Results from destroy (#2)
==================cli-results============================================
/usr/lib/ruby/gems/1.8/gems/stickshift-controller-0.15.11/lib/stickshift-controller/app/models/application.rb:360:in `destroy': Could not destroy all gears of application. (StickShift::NodeException)
	from /usr/lib/ruby/gems/1.8/gems/stickshift-controller-0.15.11/lib/stickshift-controller/app/models/application.rb:319:in `cleanup_and_delete'
	from /usr/bin/rhc-admin-ctl-app:143
==================/cli-results============================================

==================mcollective results===============================
I, [2012-08-31T16:23:50.810673 #5276]  INFO -- : stickshift.rb:315:in `cartridge_do_action' cartridge_do
_action call / request = #<MCollective::RPC::Request:0x7f2db9685c98
 @action="cartridge_do",
 @agent="stickshift",
 @caller="uid=0",
 @data=
  {:cartridge=>"stickshift-node",
   :args=>
    {"--with-app-name"=>"disk",
     "--with-namespace"=>"ay",
     "--with-container-name"=>"disk",
     "--with-app-uuid"=>"9434a590cdc843faa807bd5595245fe0",
     "--with-container-uuid"=>"9434a590cdc843faa807bd5595245fe0"},
   :action=>"app-destroy",
   :process_results=>true},
 @sender="mcollect.cloud.redhat.com",
 @time=1346444630,
 @uniqid="077ef76ffce695aa1bba1798eb79bf89">

I, [2012-08-31T16:23:50.811328 #5276]  INFO -- : stickshift.rb:316:in `cartridge_do_action' cartridge_do
_action validation = stickshift-node app-destroy --with-app-namedisk--with-namespaceay--with-container-n
amedisk--with-app-uuid9434a590cdc843faa807bd5595245fe0--with-container-uuid9434a590cdc843faa807bd5595245
fe0
I, [2012-08-31T16:23:50.811776 #5276]  INFO -- : stickshift.rb:54:in `ss_app_destroy' COMMAND: ss-app-de
stroy
I, [2012-08-31T16:23:50.813781 #5276]  INFO -- : stickshift.rb:67:in `ss_app_destroy' No such file or di
rectory - /var/lib/stickshift/9434a590cdc843faa807bd5595245fe0/
I, [2012-08-31T16:23:50.814151 #5276]  INFO -- : stickshift.rb:338:in `cartridge_do_action' cartridge_do
_action ERROR (-1)
------
No such file or directory - /var/lib/stickshift/9434a590cdc843faa807bd5595245fe0/
------)
==================/mcollective results===============================


results from force-destroy (#3)
==================cli-results============================================
WARNING: Check gear 91d03ad9c492442a8024a2b01b23b420 on node 'ex-std-node85.prod.rhcloud.com', because destroy did not succeed cleanly. The gear may exist on node, but not in database.
WARNING: Please check and fix the user's consumed_gear count vs the actual gears consumed, as they may be out of sync.
Success
==================/cli-results============================================



Expected results:

the app would be removed from the ex_node, no matter if the home dir existed or not.

Additional info:

Comment 1 Dan McPherson 2012-08-31 20:59:39 UTC
This case needs to be handled by app-destroy on the node.  It should either ignore the case completely and return success (after cleaning up any user or proxy data if still there).  If for some reason you want app-destroy to not completely ignore this case then I would be ok with a special error code to indicate to the caller what happened and let them make the choice to ignore.

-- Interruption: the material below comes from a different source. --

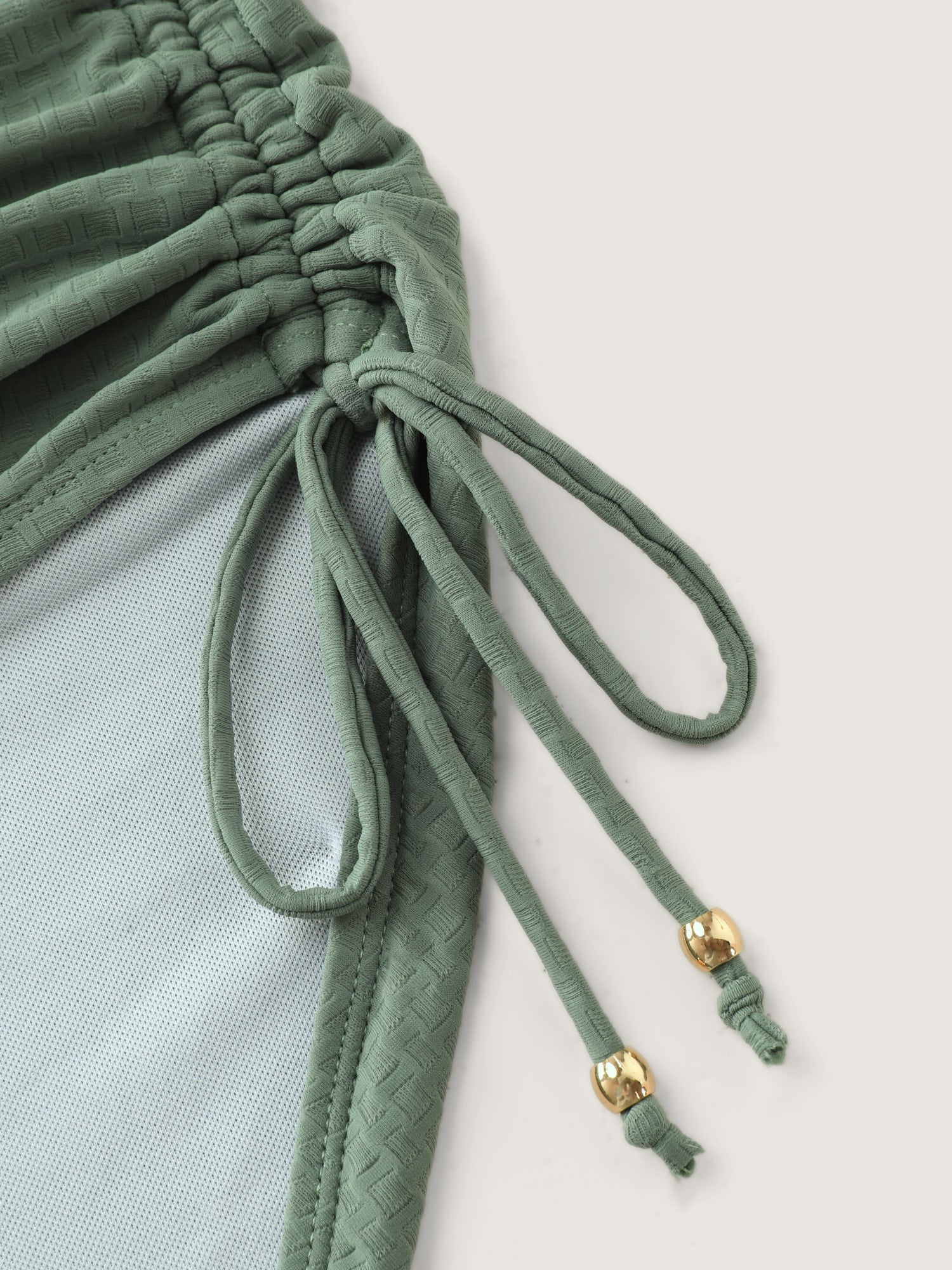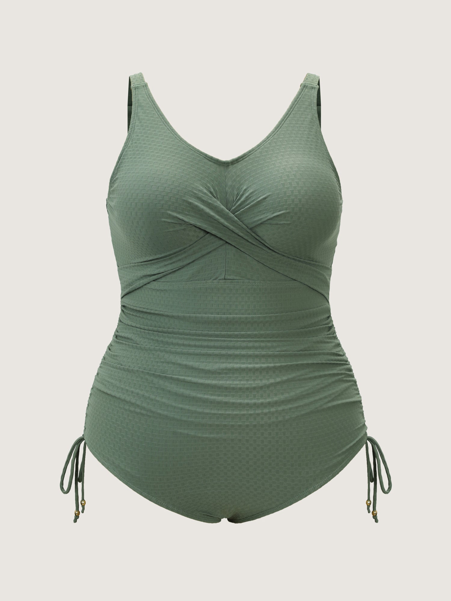 Shop Textured Side-Drawstring Tummy-Control One-Piece Swimsuit now and redefine your style with confidence at BloomChic. Tailored for mid and plus-size women. This trendy Swimwear Women, sizes 10-30. Color:Sage;Style_2:Resort;Cup Type:Removable cups;Neckline:V-neck;Sleeve Type:Sleeveless;Prints:Non;Details:Twist, Drawstring;Pocket:No-pocket;Belt:No-belt;Chest pad:Removable Padding;Lining:Lining;Closure Type:Non;Structural function:Tummy-Sculpt,Adaptive-Fit;Swimsuit types:Built-in Bikini Bottoms Dress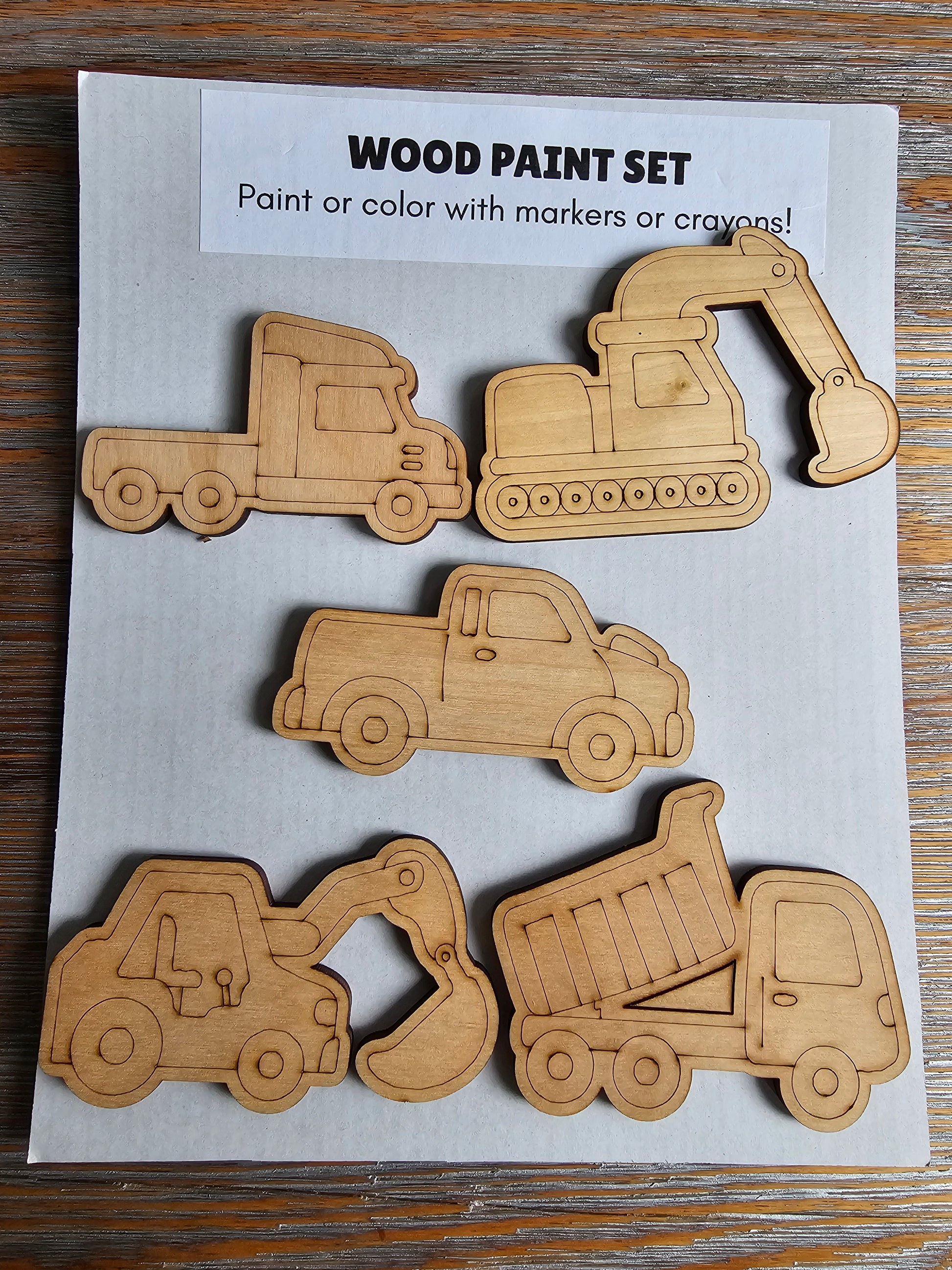 Construction Vehicles Wood Paint Set

Comment 2 Thomas Wiest 2012-08-31 23:29:53 UTC
I disagree with the second half of comment 1. I don't think destroying the gear should be optional.

If we've asked to destroy a gear (or a user has), then the gear should be destroyed. Leaving anything around will cause our broken gears alerting to go off, and cause us to have to go manually clean up the gears, which is exactly what we're trying to get away from.

If we, or the user has asked to destroy the gear, then we know the risks and we want the gear gone.

Comment 3 John Poelstra 2012-09-07 18:40:18 UTC
jhon to discuss with Rob

Comment 4 Jhon Honce 2012-09-10 20:26:12 UTC
https://github.com/openshift/crankcase/pull/468

Comment 5 Xiaoli Tian 2012-09-11 09:24:37 UTC
(In reply to comment #4)
> https://github.com/openshift/crankcase/pull/468
It's merged in devenv_2148, move it to ON_QA to verify.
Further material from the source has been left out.